L’Avvocato Carlo Piani nel 1807 acquistò da Carlo Caroli, allora in gravi difficoltà economiche, l’edificio situato nel Corso di Porta Imolese al numero 118, ora Corso Mazzini 89, ed incaricò l’Architetto Pietro Tomba (1774-1846) di curarne la ristrutturazione. Il Tomba concepì la facciata ispirandosi ai dettati del classicismo cinquecentesco palladiano, interpretandolo però attraverso una sensibile attenuazione delle evidenze architettoniche e decorative.

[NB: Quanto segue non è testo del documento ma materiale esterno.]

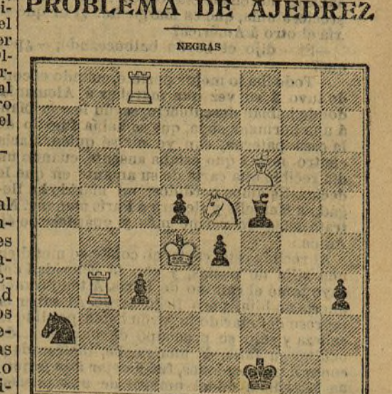
Juegan y dan mate en tres jugadas

Solución al del número anterior: Jugada clave: Torro a 7 de Reina.

L'affaccio su Corso Mazzini e l'angolo con via Paganelli.
La facciata vista da una diversa visuale prospettica.
Insieme ad altre opere realizzate dal Tomba a Faenza, l’intervento su Casa Piani costituì una vera e propria rottura rispetto ai precedenti canoni realizzativi neoclassici che, seppur con modalità differenti ed anche tra loro opposte, avevano ispirato in special modo gli architetti locali Giovanni Antonio Antolini, nel solco del neoclassicismo “archeologico” (es., l’intero complesso di Villa Rotonda) e Giuseppe Pistocchi, nel solco del classicismo “neorinascimentale” (es., Palazzo Conti, in Corso Mazzini 47), per i quali, comunque, anche in fase progettuale, non fu secondario l’ideologismo sociopolitico figlio della rivoluzione illuminista di fine Settecento. Se l’Antolini si era mosso nel solco di un ideologismo massonico, radicale e repubblicano che apriva a concetti edilizi di senso liberale ed egualitarista (es., il progetto mai concretizzato del Nuovo Borgo, fuori Porta Imolese) e se il giacobino Pistocchi, anch’egli ideologicamente, aveva inteso ribaltare i canoni consolidati del classicismo più ortodosso, per approdare a forme anche provocatoriamente anticonformiste (es., la facciata di Palazzo Milzetti) ed addirittura, a volte, sperimentali, in antitesi all’avversario Antolini (es., il suo progetto mai realizzato di sistemazione urbanistica fuori Porta Imolese), Pietro Tomba, parallelamente alla prima restaurazione napoleonica e successivamente, in consonanza con gli effetti anche politici di quella seguita al Congresso di Vienna del 1815, optò per un “Ritorno all’Ordine”. Un “Ritorno” alla purezza formale priva di ogni riferimento od assoggettamento ad ideali sociali e politici ma, piuttosto, libera da stretti vincoli stilistici e funzionalmente attenta ai gusti ed alle esigenze della committenza.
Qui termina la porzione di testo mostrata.